I dunno, Jack – “this administration has one ethically stinky head” comes mighty close to an ad hominem attack – mighty close, to calling Trump a poopyhead.
I actually see TWO typos in the SOTU admission ticket – or one typo and one incorrect use of punctuation.
An aside RE: the Ben Carson and Son situation.
The concept of a “listening tour” is abhorrent. It communicates that our elected or appointed government officials, who are paid to serve, are allowing some actual citizen input or requests to be heard by their exalted selves. But only in an approved, controlled forum, instead of every damned day at their jobs. The grandstanding, headline seeking attempt to appear engaged and responsive recalls a Feudal system where the Nobility would hold rare “open court” and any subject could “draw near” and state their complaint to their masters.
Another manifestation of the Iron Rule of Oligarchy.
Definitely has that smell to it.
#3: The graduation rates at historically black colleges are partly the result of affirmative action policies. When elite schools scoop up students with middling credentials, the students left for lesser schools will eventually drop below the level consistent with a concentration on academics.
Oddly enough, several years ago, a professor at the University of Texas had the temerity to mention that black students at UT only graduated at a rate of 23%. He was given three choices: apologize, resign or be fired. Rather than point out the stupidity of apologizing for existing facts, he apologized, though I never quite figured for what.
“I never quite figured for what.”
C’mon d_d, yer WAY smarter than that!
Yeah, Paul. I can see a reasonable apology, here. “I apologize for presenting facts that present African-Americans in a negative light. I should never have mentioned that the culture fails to prepare members for the highly competitive environment of college, where actual performance is measured (is this still true? I doubt it.) rather than relying on “I failed because of racism”. To be honest, I blame a failed educational system for this. It has consistently taught African-Americans that they did not need to try to succeed, all they had to do was claim racism and they were home free.
”culture fails to prepare members for the highly competitive environment of college”
Oh yeah, popular culture does just that, which is fucked; proffer an excuse to exempt personal responsibility.
”To be honest, I blame a failed educational system for this.”
This is supposed to be a “Ding Ding Ding Ding Ding” audio, with non-functioning speakers I took a shot in the dark.

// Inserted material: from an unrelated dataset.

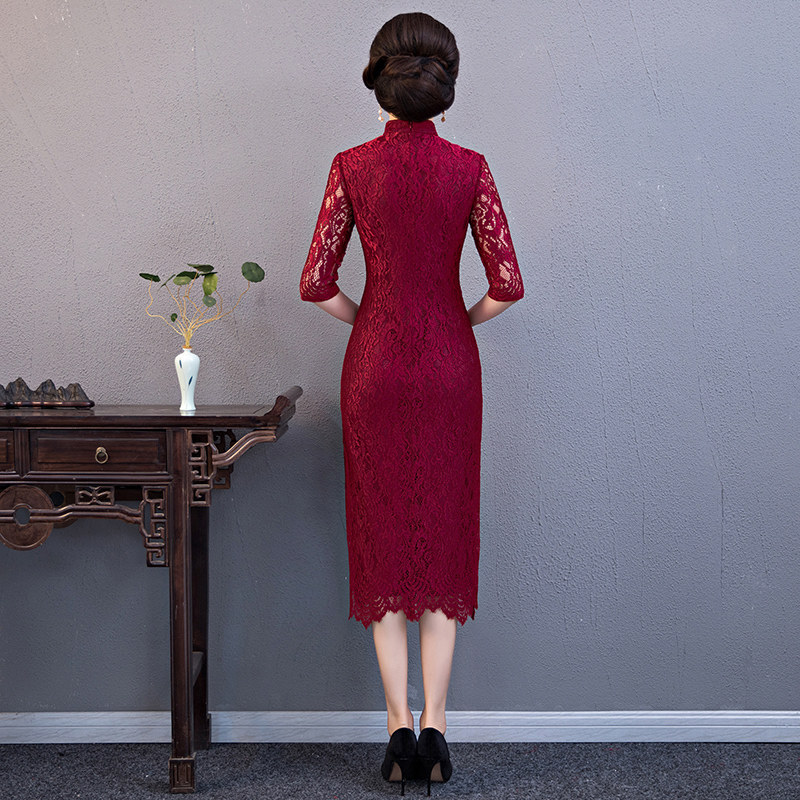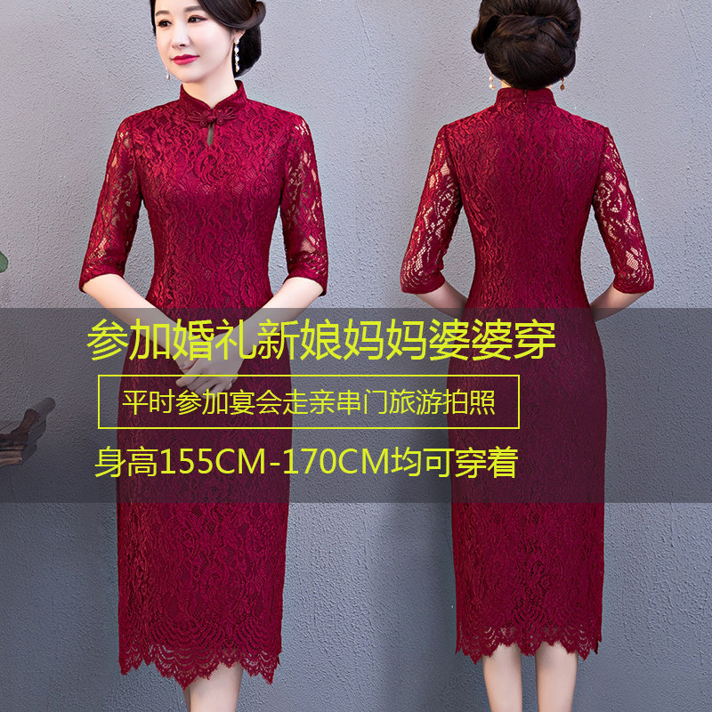 Hi Mother-in-law Cheongsam Dress Noble Lace 2021 New Mom Dress Wedding Wedding Plus Size Women Autumn Dress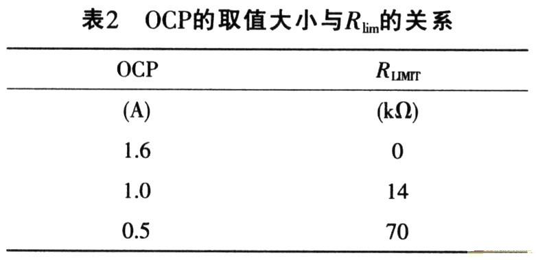 當(dāng)外設(shè)電阻Rlim上的電流(Ilim)高于Iocp時(shí),流過其內(nèi)部N溝道MOS管的電流就會受到限制,這樣,NCP370就能提供從電池到外設(shè)的反向過流保護(hù)功能。由于NCP370的內(nèi)部電阻與Ilim是串聯(lián)關(guān)系,因此,當(dāng)Ilim引腳直接與GND相連時(shí),其OCP最大,而在它們之間接入Rlim時(shí),其OCP會減小,OCP的取值大小如表2所列。當(dāng)電流高于OCP時(shí),其內(nèi)部的NMOS會關(guān)斷,且/FIAG會置低,同時(shí)NCP370會通知微控制器來對故障進(jìn)行處理,并禁止反向充電模式。

How can you post a clip of Costanza claiming ignorance that having sex with the cleaning lady was wrong, but NOT post the clip of Constanza going back to work after he resigned?
-Jut
https://www.google.com/amp/s/qz.com/484342/locals-are-using-the-us-mexico-border-fence-as-a-giant-volleyball-net/amp/
https://ethicsalarms.com/2015/10/01/consider-the-fact-that-people-are-attacking-this-ad-as-sexist-and-racist-is-a-big-reason-donald-trump-is-leading-in-the-polls/
The original video is down. Sad face.
Ben Carson is the Secretary of Housing and Urban Development? Typical.
Federal law forbids senior government officials from owning, trading, or purchasing properties that pose a direct conflict of interest with their official roles.
To bad that law does not apply to members of congress. The fact that it doesn’t should estop any member of congress from criticizing Brenda Fitzgerald since they all do exactly what she is accused of doing on a regular basis.